5. The method of claim 4, wherein said RNA molecule comprises at least 21 nucleotides having at least 76% sequence identity to the nucleotide sequence of a gene present in said plant, plant part, plant cell or seed, said gene encoding a protein having the activity of a protein having the amino acid sequence of SEQ ID NO. 1 .

6. The method of claim 4, wherein said RNA molecule comprises at least 21 nucleotides having at least 76% sequence identity to the complement of the nucleotide sequence of a gene present in said plant, plant part, plant cell or seed, said gene encoding a protein having the activity of a protein having the amino acid sequence of SEQ ID NO. 1 .

7. The method of claim 4, wherein said RNA molecule comprises a sense region comprising a nucleotide sequence of at least 21 nucleotides having at least 76% sequence identity to the nucleotide sequence of a gene present in said plant, plant part, plant cell or seed, said gene encoding a protein having the activity of a protein having the amino acid sequence of SEQ ID NO. 1 , and an antisense region comprising a nucleotide sequence of at least 21 nucleotides having at least 76% sequence identity to the complement of the nucleotide sequence of said gene, wherein said sense and antisense region are capable of forming a double stranded RNA region comprising said at least 21 nucleotides.

8. The method of any one of claims 5-7, wherein said RNA region comprises at least 21 nucleotides having at least 76% sequence identity to a nucleotide sequence encoding a protein having at least 70% sequence identity to a protein as encoded by any one of SEQ ID NO. 1 to 182, and/or at least 21 nucleotides having at least 76% sequence identity to the complement of a nucleotide sequence encoding a protein having at least 70% sequence identity to a protein as encoded by any one of SEQ ID NO. 2. to 182.

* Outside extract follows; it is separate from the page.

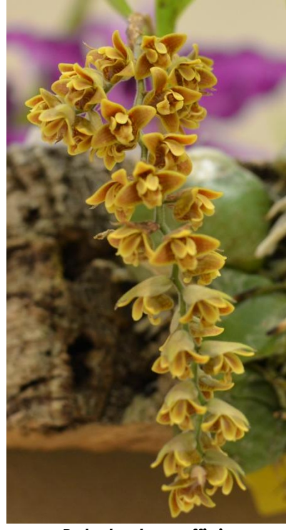
Polystachya affinis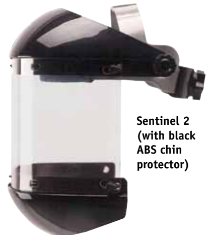
Sentinel 2 (with black ABS chin protector)

9. The method of any one of claims 5-8, wherein said RNA region comprises at least 21 nucleotides having at least 76% sequence identity to any one of SEQ ID NO. 2 to SEQ ID NO. 182, and/or at least 21 nucleotides having at least 76% sequence identity to the complement of any one of SEQ ID NO. 2 to 182.

10. The method of claim 3, wherein said decreasing the expression and/or activity comprises introducing into said plant, plant part, plant cell or seed a knock-out allele of a gene encoding a protein having the activity of a protein having the amino acid sequence of SEQ ID NO. 1 .

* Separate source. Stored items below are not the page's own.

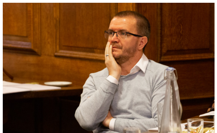
Lokahi Global Exchange participant in London

MUSLIMS BELIEVE IN THE SAME ISLAM – BUT THE CORE NOTIONS MEAN SUBTLY DIFFERENT THINGS TO MUSLIMS IN DIFFERENT PARTS OF THE WORLD.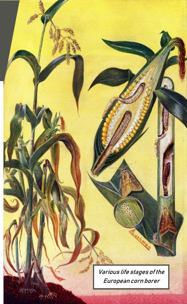
Various life stages of the European corn borer

QUARANTINED AREAS The following areas are designated as quarantined: Alabama, Arkansas, Colorado, Connecticut, Delaware, Georgia, Illinois, Iowa, Indiana, Kansas, Kentucky, Louisiana, Maine, Maryland, Massachusetts, Michigan, Minnesota, Mississippi, Missouri, Montana, Nebraska, New Hampshire, New Jersey, New York, North Carolina, North Dakota, Ohio, Oklahoma, Pennsylvania, Rhode Island, South Carolina, South Dakota, Tennessee, Vermont, Virginia, West Virginia, Wisconsin, Wyoming and the District of Columbia.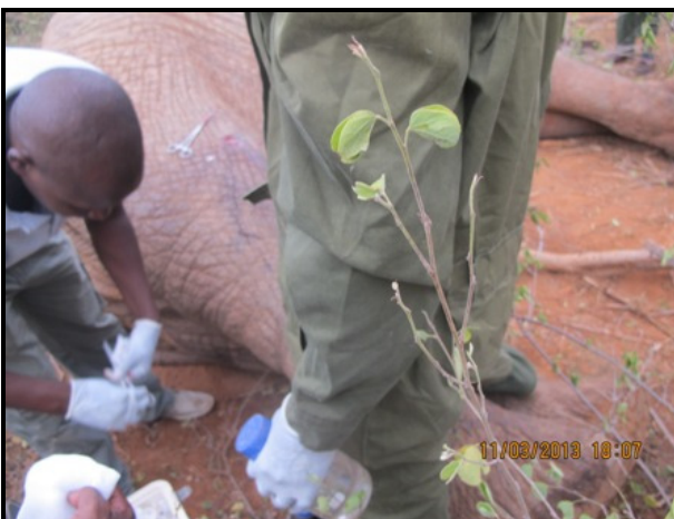
Above: Vets treating a second elephant.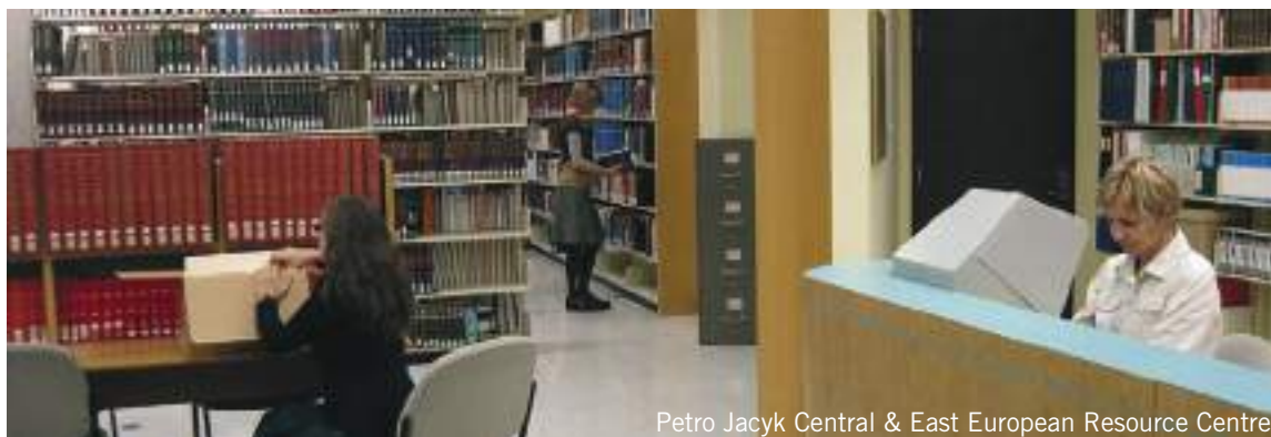
Petro Jacyk Central & East European Resource Centre

The Pontifical Institute of Mediaeval Studies Library houses the major collection in mediaeval studies on campus with 96,899 titles of printed books and another 20,000 printed and manuscript books in microform. In addition, the Library's collection of rare books numbers 2,400 books (39 incunabula, ca. 12 unica); 25 manuscripts; 50 single manuscript pages; and ca. 200 parchment documents. Priority in collection development at the Institute Library is given to editions of texts and archival materials and to catalogues of manuscripts held in libraries around the world. There is a special strength in mediaeval

1 1 . The method of any one of claims 1 -10, wherein said stress condition is selected from salt stress, osmotic stress, oxidative stress, drought stress.

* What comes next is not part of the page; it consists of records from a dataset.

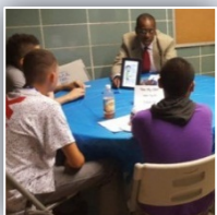
Mentoring Projects: MBK Challenge Grant & MBK Fellows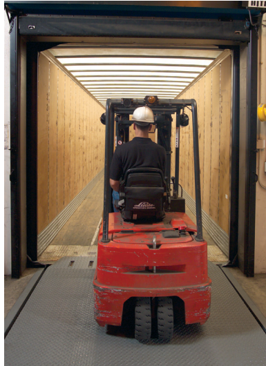
Gaps are sealed by GapMaster hooks, without restricting access to the trailer.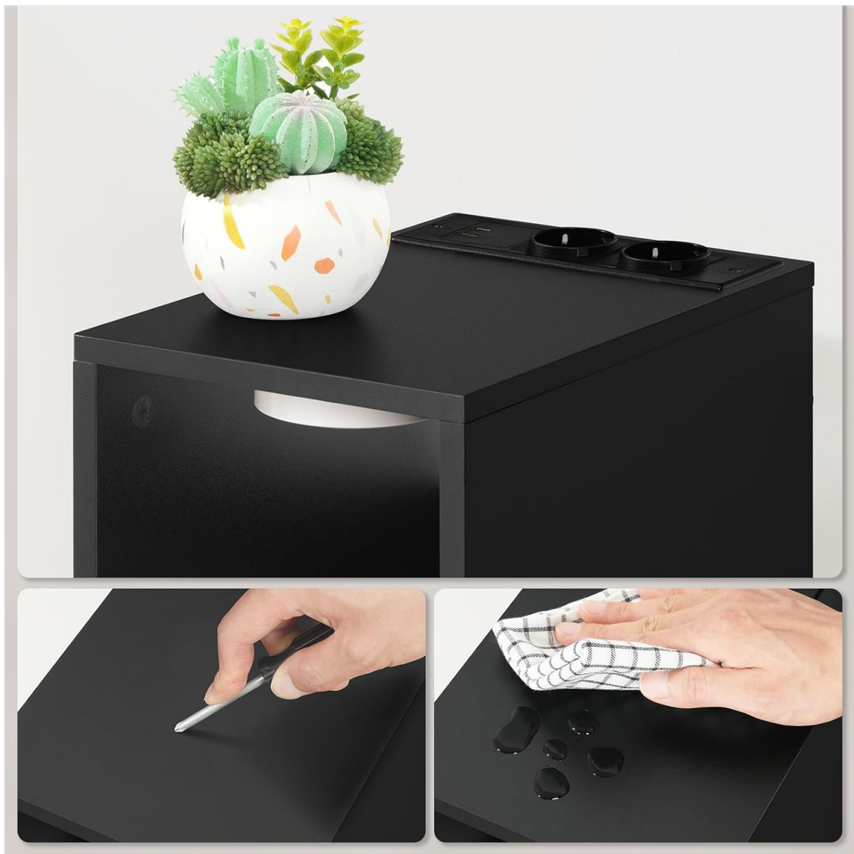
Image: A detailed view of the charging station on the MAHANCRISE ETBK25E01 End Table, featuring two standard power outlets and two USB ports for convenient device charging.

12. A chimeric gene as described in any one of claims 2-9.

13. A knock-out allele as described in claim 10.

14. A plant, plant part or plant cell comprising the chimeric gene of claim 12

15. A plant, plant part or plant cell comprising the knock-out allele of claim 13.

16. Use of the chimeric gene of claim 12 or the mutant allele of claim 13 to produce a plant, plant part, plant cell or seed with increased stress tolerance and/or increased growth rate and/or biomass.